School’s re-open: By spring, most area districts had returned to at or near a routine schedule and as the Fall began the days of “hybrid” and wiggly-whack calendars were gone.  Some schools continue to mandate masks while others don’t but at least the schools are open.


Every district handled COVID differently and all have their wins and their losses.  What we SHOULD takeaway is that everyone is trying their best.  Sadly, many will cherry-pick the policies they like and dislike and grade districts based on that.


Local cases get closure: The stories of Renelle Laffe and Joe Luginbill had their final chapters written.  They weren’t quite the ‘pound of flesh’ people wanted.  Always remember, Google searches are hard to clear unless you want to pay lots of money and even then, the stink remains on your name.  So did they truly get off without issue?  If anything, mistakes they made (at the level of criminality or not) will be attached to them.


Joe Luginbill is the TV Show Young Sheldon. You can’t find people who like it, but it’s surprisingly popular and impervious to ridicule.  Despite pages of evidence and a significant case, he officially has skirted any legal ramifications. 
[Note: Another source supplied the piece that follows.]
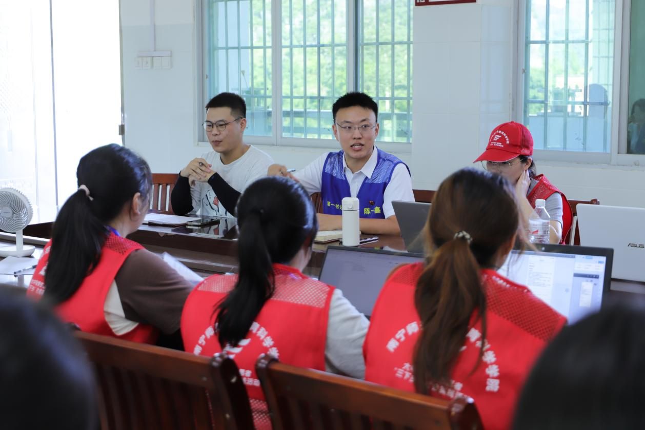 暑期“三下乡”社会实践活动,2024年7月8日马蹄村驻村第一书记陈一鑫、红渡镇马蹄小学蓝腾山校长在学校会议室与实践队员们进行了深刻的交流。

The saga of Daniel Peggs, the former Altoona superintendent, also was completed in terms of sentencing for his misgivings.


County DHS: A late 2021 update from the sheriffs office reminded us this case is still going and it’s going to have a wild ending one way or the other as significant players in the area have gone all in on one side or the other.


In 2022, we should have this move forward with findings from the sheriffs office.  Even if the DHS is innocent, it’s been a case-study in how to look guilty.  If the County DHS turns out to face litigation, one shouldn’t forget the names Diane Cable, Kathryn Schauf and Nick Smiar.  Those three have been antagonistic against citizens AND elected leaders who dare question what could be up. 


If the DHS is cleared, they equally deserve an apology and true vindication.


This is not a story that will have a middle ground and frankly, I’m already rubbing my hands in excitement over the storylines that will occur no matter what the next chapter is.